Lethbridge attorney Harold Moodie, who represented Walton when he was charged in 1980, recalls his client as a “nice guy” except that he abandoned a wife and two sons.
“I’m sure he did not want to cause anybody any harm,” Moodie said, citing the public service jobs Walton held after fleeing Lethbridge.
But Stralla, the attorney who’s prosecuting Walton, thinks the suspect had another reason for choosing law enforcement and judicial jobs.

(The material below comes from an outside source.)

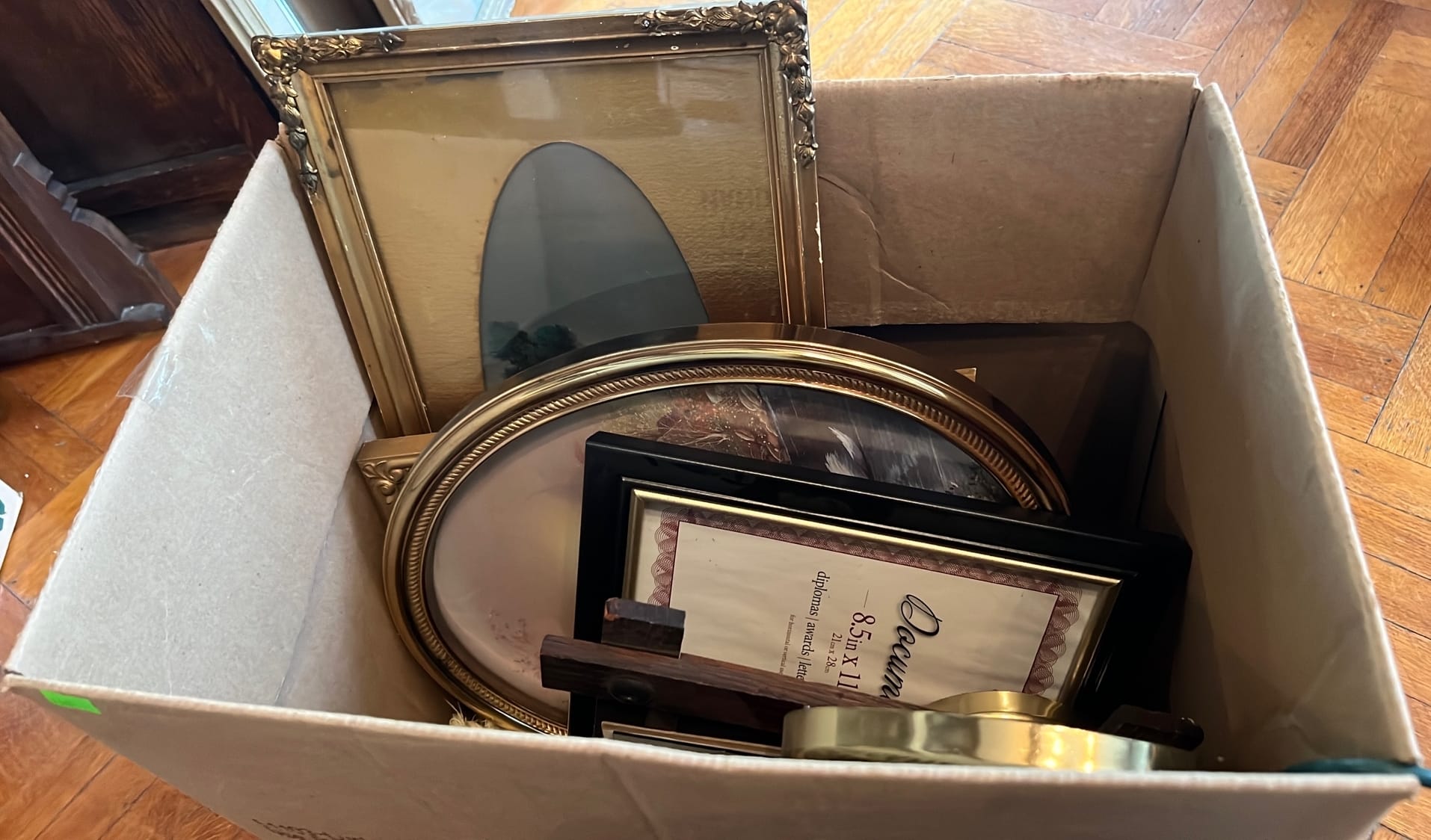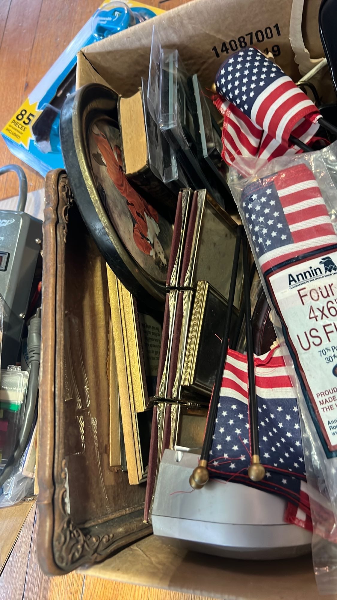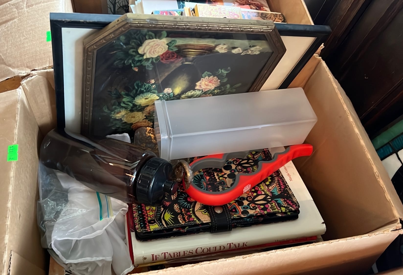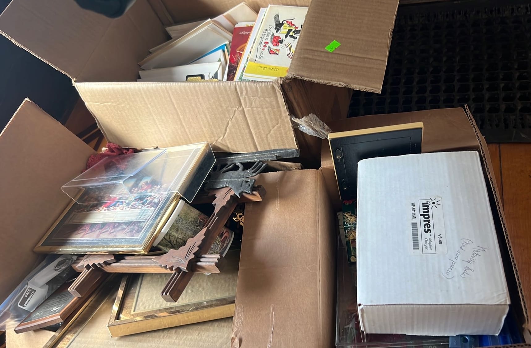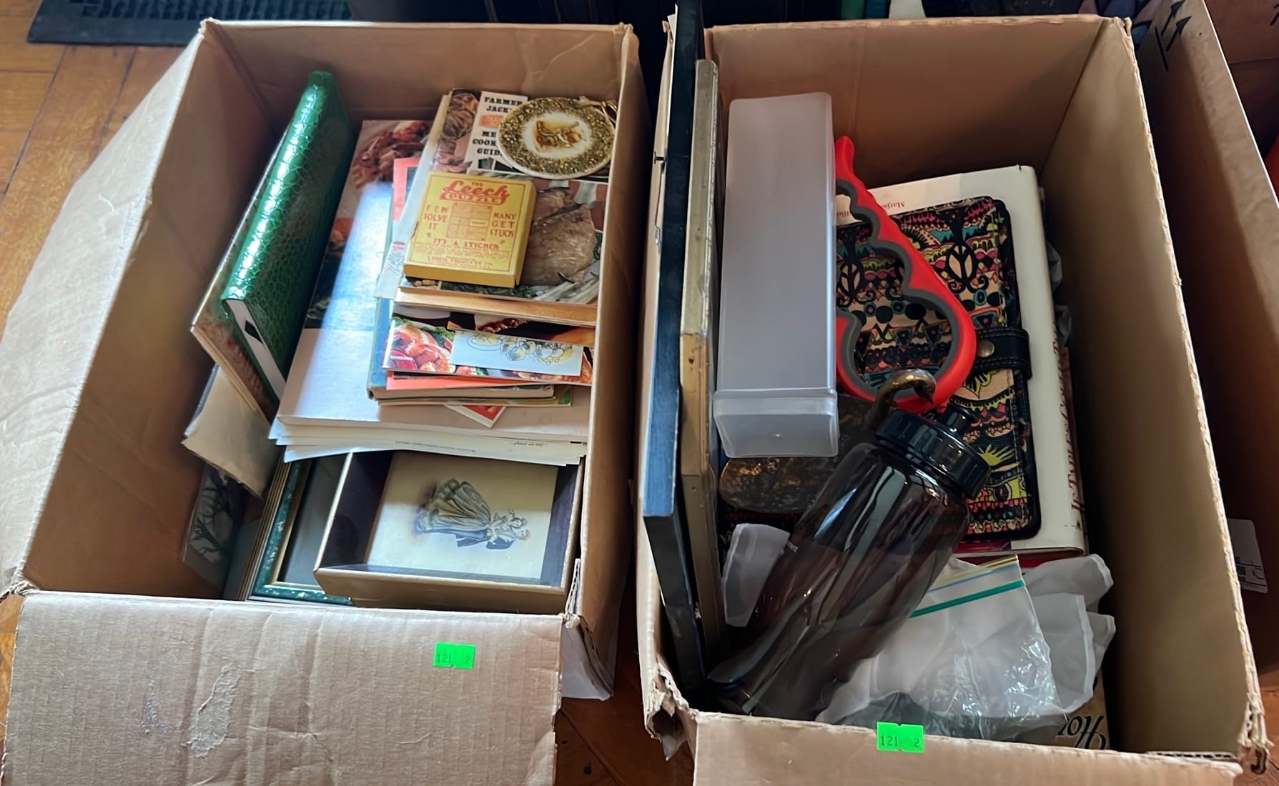121 Picture & Frames Various sizes • Recipe assortment • The Leech Puzzle in box • Vintage Post Card • Brass Bird Dish 6.25” • Book assortment • misc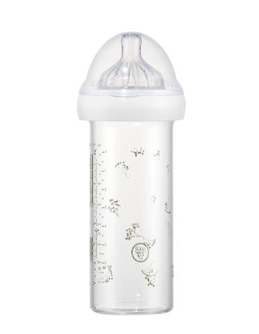 Vous allez craquer pour ce biberon en verre ! Le design gypsophile vous rappellera la douceur de votre nouveau-né. Système anti-coliques breveté.

“He always kept himself close to law enforcement,” Stralla said. “He had access, we believe, to the criminal justice information system, which would allow him to check whether there were active warrants or people looking for him.”
Police also believe Walton used his law enforcement connections in a “skip tracer” business he operated on the side - helping debt collectors and process servers find people who are on the lam.
Sandra Chereb of the Associated Press and Craig Albrecht of the Lethbridge Herald contributed to this report.